Global markets were roiled on Monday as President Donald Trump’s aggressive 34% reciprocal tariff announcement triggered a panic selloff, with Hong Kong’s Hang Seng Index crashing 11.75% or 2,684.07 points to 20,165.75 by midday — its worst drop since the 2008 financial crisis.
The market turmoil intensified as China responded with its own set of countermeasures, including additional tariffs on U.S. goods and plans to restrict exports of rare earth elements vital to high-tech and medical industries. The Chinese yuan slipped to its weakest level since January, while bond prices surged as investors rushed toward safer assets.
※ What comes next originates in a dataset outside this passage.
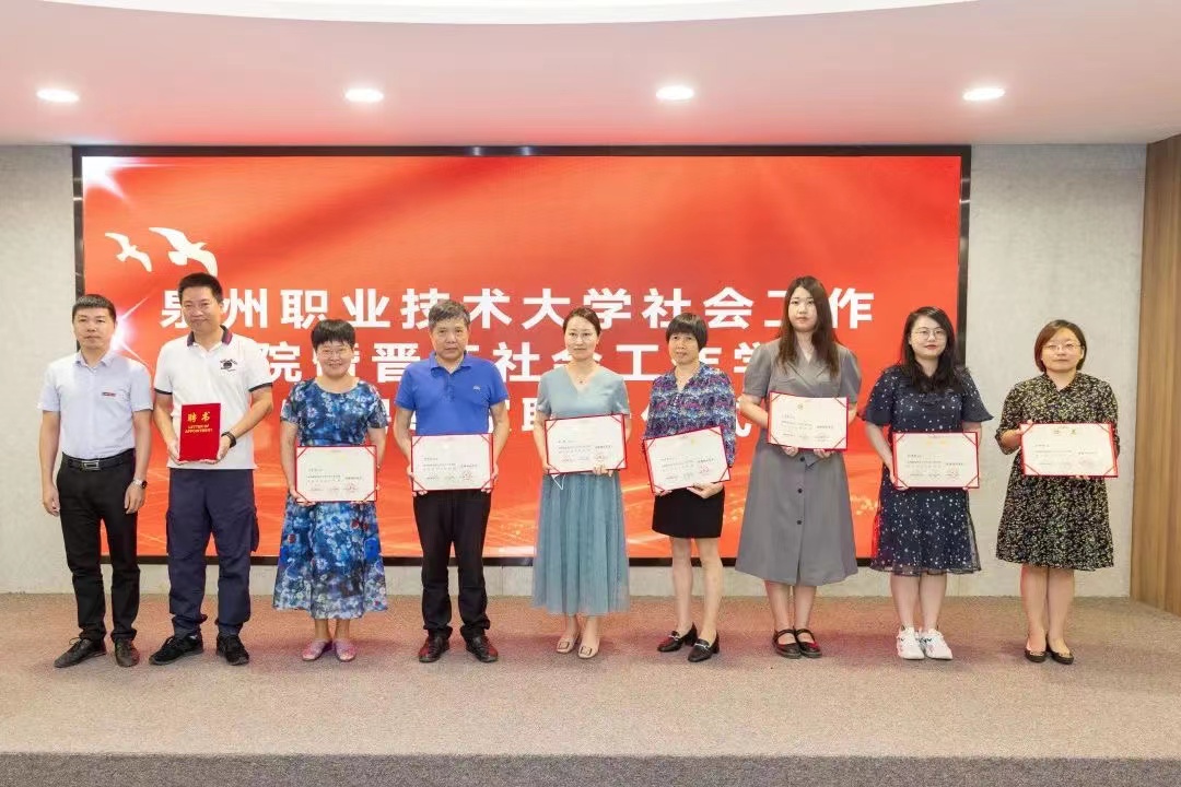 2022年7月8日上午,由泉州职业技术大学、晋江市民政局、晋江市社会工作协会联合发起创办的泉州职业技术大学社会工作学院暨晋江社会工作学院成立仪式在泉州职业技术大学晋江校区隆重举行。我院社会工作教师张潇颖、何昕柔受邀出席,并获聘任为“特聘理论专家”。

Back home, Indian indices mirrored the global sentiment. The BSE Sensex tanked 3,939.68 points to 71,425.01, while the Nifty 50 slumped 5.07% to 21,743.65 — both registering their steepest intraday fall since March 2020.
Hong Kong’s financial heavyweights bore the brunt, with HSBC and Standard Chartered shares tumbling over 15%. China’s CSI300 index lost more than 5%, while major tech players like Alibaba and Tencent dropped over 8%. Solar, appliances, and semiconductor stocks also recorded double-digit losses amid escalating fears of a prolonged trade war and looming recession.